--- Work request ---
Pictures are to be omitted. Output only the lines from the one containing "O Kit 03 Puff" through the end of the data, word for word.

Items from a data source
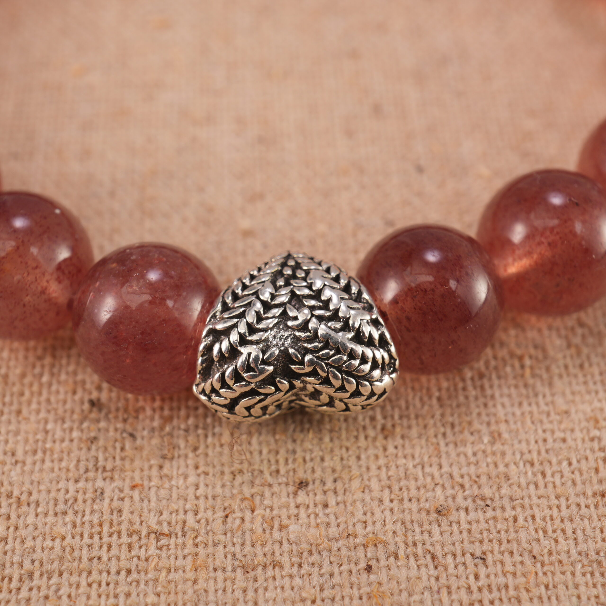 - Genuine Strawberry Quartz beads with a heart-shaped charm
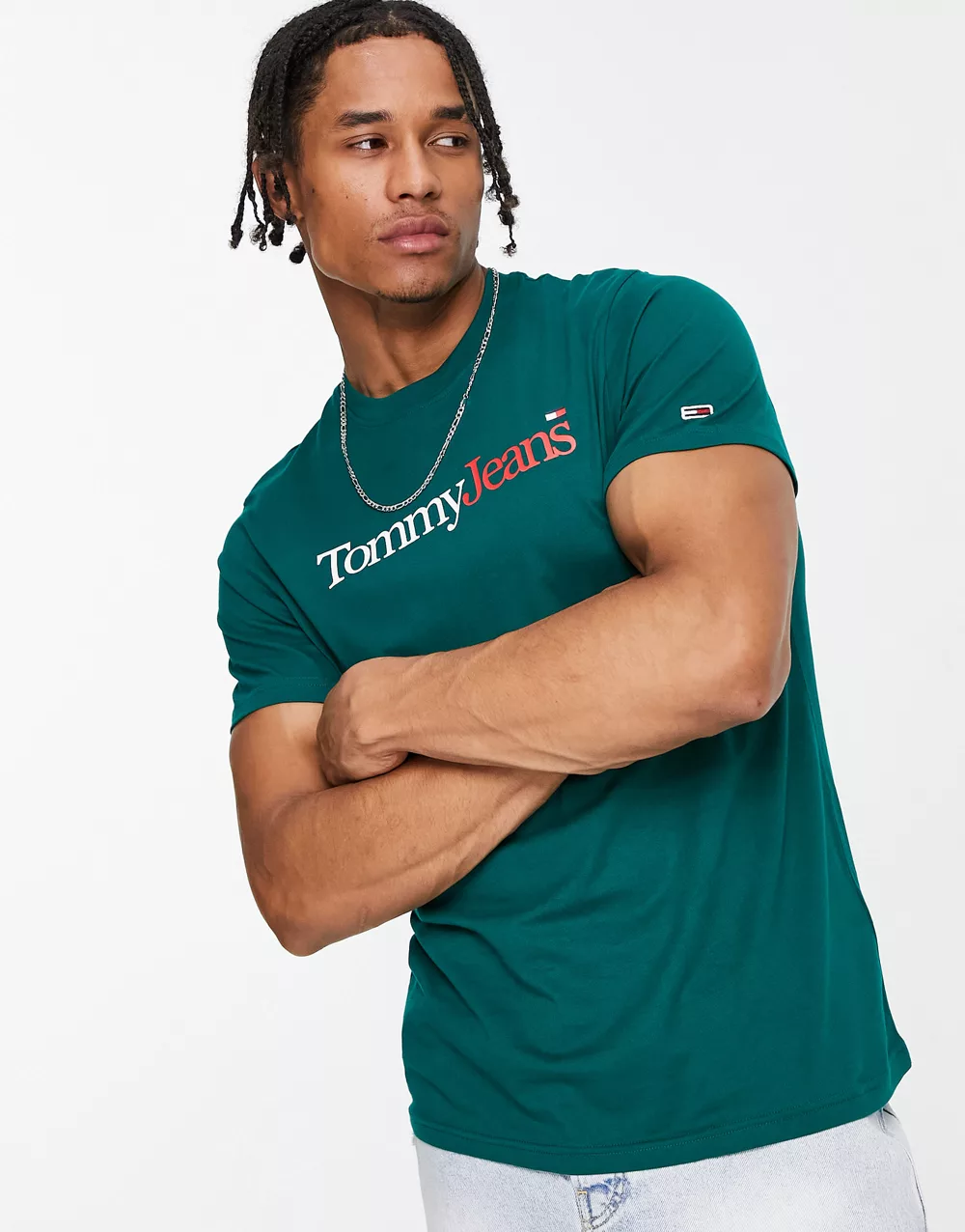 - Tommy Jeans cotton multi logo t-shirt in dark green
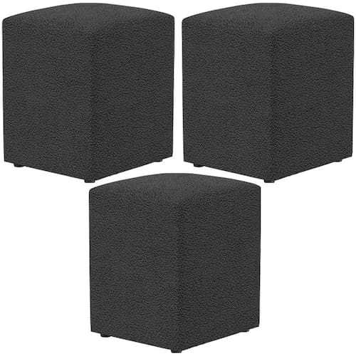 O Kit 03 Puff Quadrado Decorativo L02 Bouclê Preto - Lyam Decor é ideal para você que busca por elegância e praticidade em sua decoração! É estruturado com madeira de eucalipto e revestido em Bouclê, tecido de excelente qualidade.
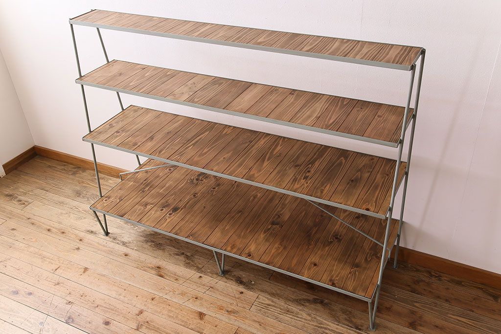 ラフジュ工房オリジナル おしゃれなアイアンフレームのディスプレイラック(陳列棚・飾り棚)です。
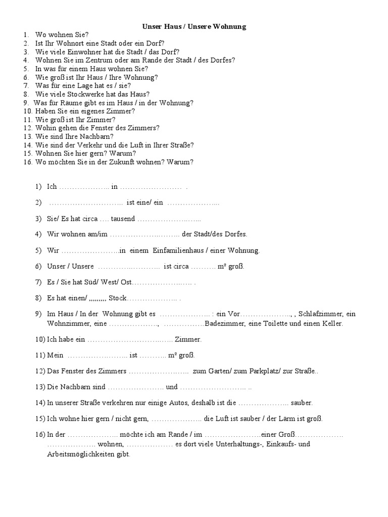 5) Wir …………………..in einem Einfamilienhaus / einer Wohnung.
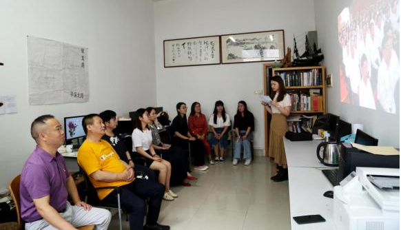 20217月1日上午,环境设计系主任谢旭斌教授及其研究生团队为庆祝中国共产党成立100周年在301工作室举办了“红色文化景观现代审美性与传承性的红色主题教育研讨会。院党委书记喻跃龙业务办主任王小青、组织干事丁蕾以及钱蕾老师受邀参加。
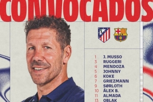 體育資訊4月14日訊 北京時(shí)間明天凌晨,馬競(jìng)將在歐冠1/4決賽次回合比賽中主場(chǎng)對(duì)陣巴薩,首回合馬競(jìng)2-0取勝,馬競(jìng)公布了此役的球員名單。吉梅內(nèi)斯、漢茨科、普比爾、巴里奧斯缺席,卡爾多索、奧布拉克回歸。
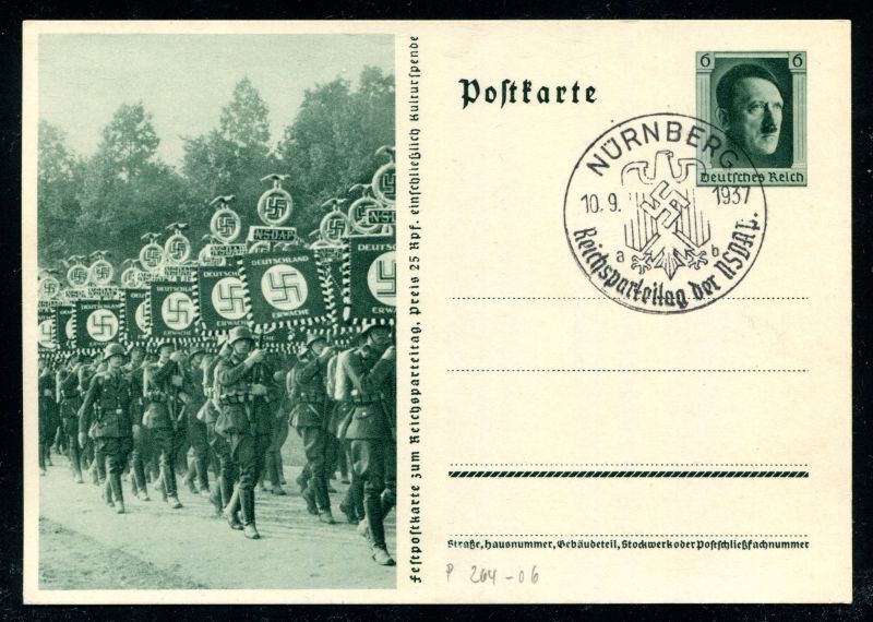 P 264/06 Ganzsache, Postkarte, 1937 Sonderpostkarte. Standarten der SS. Sonderstempel 10.9.1937 Reichsparteitag der NSDAP. Nr. 9130
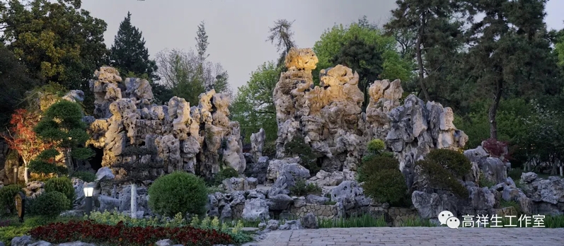 华灯初上,我们离开多姿多彩的莫愁湖公园,回头瞻仰公园入口处成片的湖石,高低错落,天然成趣,在绿荫的簇拥下尽显雄浑而包容的气息。
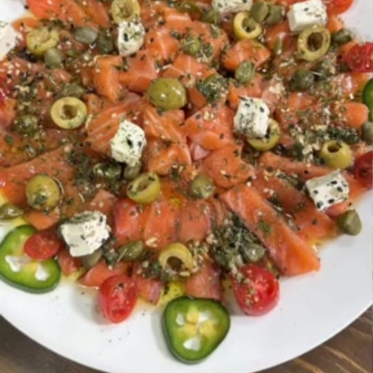 Laminas de salmon fresco, cherrys, aceitunas, alcaparras, queso philadelfia, vinagreta de aceite de olivo y finas hierbas.
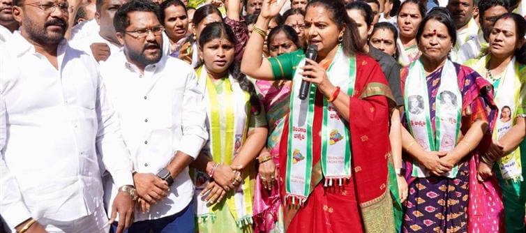 ఇక ఈ మధ్యకాలంలో కవిత కూడా బీఆర్ఎస్ పార్టీకి వ్యతిరేకంగా కొత్త పార్టీ పెట్టే దిశలో కనిపిస్తోంది.అయితే తాజాగా రాష్ట్ర అవతరణ దినోత్సవం రోజు కవిత చేసిన పనికి చాలామంది షాక్ అయిపోతున్నారు. రాష్ట్ర అవతరణ దినోత్సవం ముందే జాగృతి పార్టీ ఆఫీస్ ని కొత్తగా ఓపెన్ చేసిన కవిత తాజాగా రాష్ట్ర అవతరణ వేడుకలలో పాల్గొంది. ఇందులో కవిత వేసుకున్న కండువా కూడా మార్చుకుంది. అంతకుముందు గులాబీ రంగు కండువా ధరించిన కవిత తాజాగా గులాబీ రంగు కండువాను ధరించకుండా జాగృతి అని ఉన్న కండువాని మెడలో వేసుకుంది.అలాగే ఆ కండువా పై కేసీఆర్ ఫోటో కూడా లేదు. దీంతో కవిత కొత్త పార్టీ పెట్టే దిశగా అడుగులు వేస్తున్నట్టు కనిపిస్తోంది

--- Answer space ---
 O Kit 03 Puff Quadrado Decorativo L02 Bouclê Preto - Lyam Decor é ideal para você que busca por elegância e praticidade em sua decoração! É estruturado com madeira de eucalipto e revestido em Bouclê, tecido de excelente qualidade.
 ラフジュ工房オリジナル おしゃれなアイアンフレームのディスプレイラック(陳列棚・飾り棚)です。
 5) Wir …………………..in einem Einfamilienhaus / einer Wohnung.
 20217月1日上午,环境设计系主任谢旭斌教授及其研究生团队为庆祝中国共产党成立100周年在301工作室举办了“红色文化景观现代审美性与传承性的红色主题教育研讨会。院党委书记喻跃龙业务办主任王小青、组织干事丁蕾以及钱蕾老师受邀参加。
 體育資訊4月14日訊 北京時(shí)間明天凌晨,馬競(jìng)將在歐冠1/4決賽次回合比賽中主場(chǎng)對(duì)陣巴薩,首回合馬競(jìng)2-0取勝,馬競(jìng)公布了此役的球員名單。吉梅內(nèi)斯、漢茨科、普比爾、巴里奧斯缺席,卡爾多索、奧布拉克回歸。
 P 264/06 Ganzsache, Postkarte, 1937 Sonderpostkarte. Standarten der SS. Sonderstempel 10.9.1937 Reichsparteitag der NSDAP. Nr. 9130
 华灯初上,我们离开多姿多彩的莫愁湖公园,回头瞻仰公园入口处成片的湖石,高低错落,天然成趣,在绿荫的簇拥下尽显雄浑而包容的气息。
 Laminas de salmon fresco, cherrys, aceitunas, alcaparras, queso philadelfia, vinagreta de aceite de olivo y finas hierbas.
 ఇక ఈ మధ్యకాలంలో కవిత కూడా బీఆర్ఎస్ పార్టీకి వ్యతిరేకంగా కొత్త పార్టీ పెట్టే దిశలో కనిపిస్తోంది.అయితే తాజాగా రాష్ట్ర అవతరణ దినోత్సవం రోజు కవిత చేసిన పనికి చాలామంది షాక్ అయిపోతున్నారు. రాష్ట్ర అవతరణ దినోత్సవం ముందే జాగృతి పార్టీ ఆఫీస్ ని కొత్తగా ఓపెన్ చేసిన కవిత తాజాగా రాష్ట్ర అవతరణ వేడుకలలో పాల్గొంది. ఇందులో కవిత వేసుకున్న కండువా కూడా మార్చుకుంది. అంతకుముందు గులాబీ రంగు కండువా ధరించిన కవిత తాజాగా గులాబీ రంగు కండువాను ధరించకుండా జాగృతి అని ఉన్న కండువాని మెడలో వేసుకుంది.అలాగే ఆ కండువా పై కేసీఆర్ ఫోటో కూడా లేదు. దీంతో కవిత కొత్త పార్టీ పెట్టే దిశగా అడుగులు వేస్తున్నట్టు కనిపిస్తోంది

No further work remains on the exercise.